大テーブルと小テーブルのJOINのコスト計算の話

大テーブルと小テーブルの JOINのコスト計算の話 MySQL アンカンファレンス #002 @amamanamam

くぼ • DBREやってます • MySQLが好きです • ビールをよく飲みます • Xはこちら ◦
https://twitter.com/amamanamam

前回のアンカンファレンス(#001)でhogeさんの以下の発表を聞きました https://www.docswell.com/s/hoge/ZNRP8V-2024-02-03-184213

激しめの要約 • 大きめのテーブル（100万行）と小さめのテーブル（3行）をLEFT JOINするクエリが妙に遅い • 後者の結合タイプが全検索となりhash joinが選択されていることが分かった •
後者のテーブルの行数を10行に増やすと、後者の結合タイプがeq_refに変わる → 手元で再現して原因をいろいろ調べてみることにした ※当発表の内容はブログ記事にも載せてます https://amamanamam.hatenablog.com/entry/2024/02/11/005331

環境/設定 mysql> select version(); +--------------+ | version() | +--------------+ |
8.0.28-debug | +--------------+ 1 row in set (0.01 sec)

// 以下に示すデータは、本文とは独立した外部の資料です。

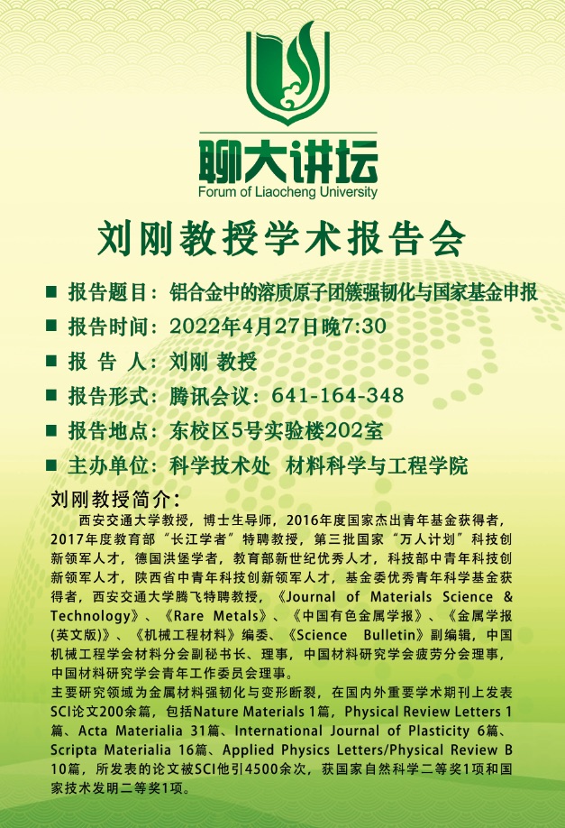 聊大講壇——劉剛教授學術報告會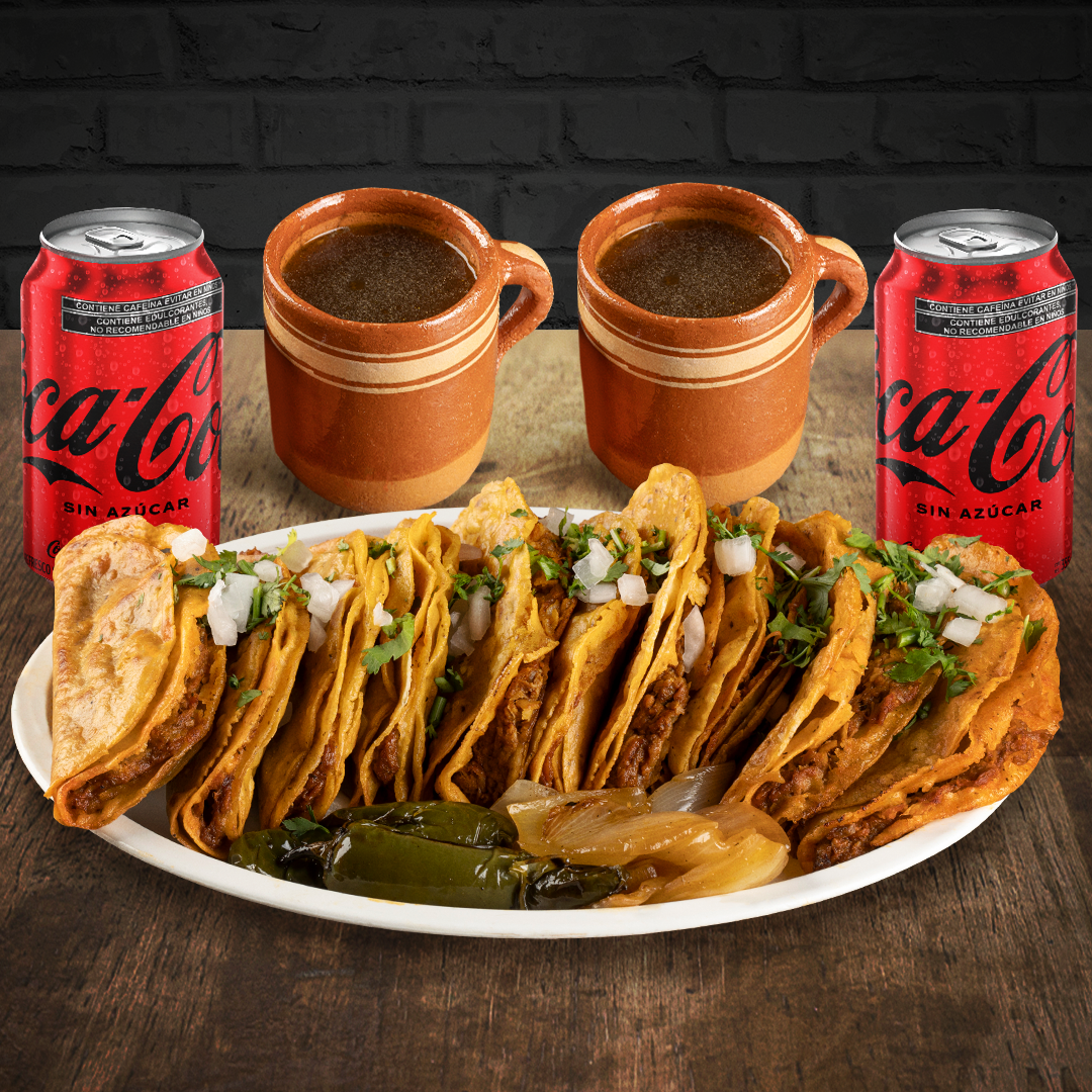 10 Tacos de barbacoa, 2 consomés, 2 bebidas individuales.

環境/設定 mysql> select count(*) from mytable; +----------+ | count(*) |
+----------+ | 524283 | +----------+ 1 row in set (0.92 sec) mysql> select count(*) from types; +----------+ | count(*) | +----------+ | 3 | +----------+ 1 row in set (0.10 sec)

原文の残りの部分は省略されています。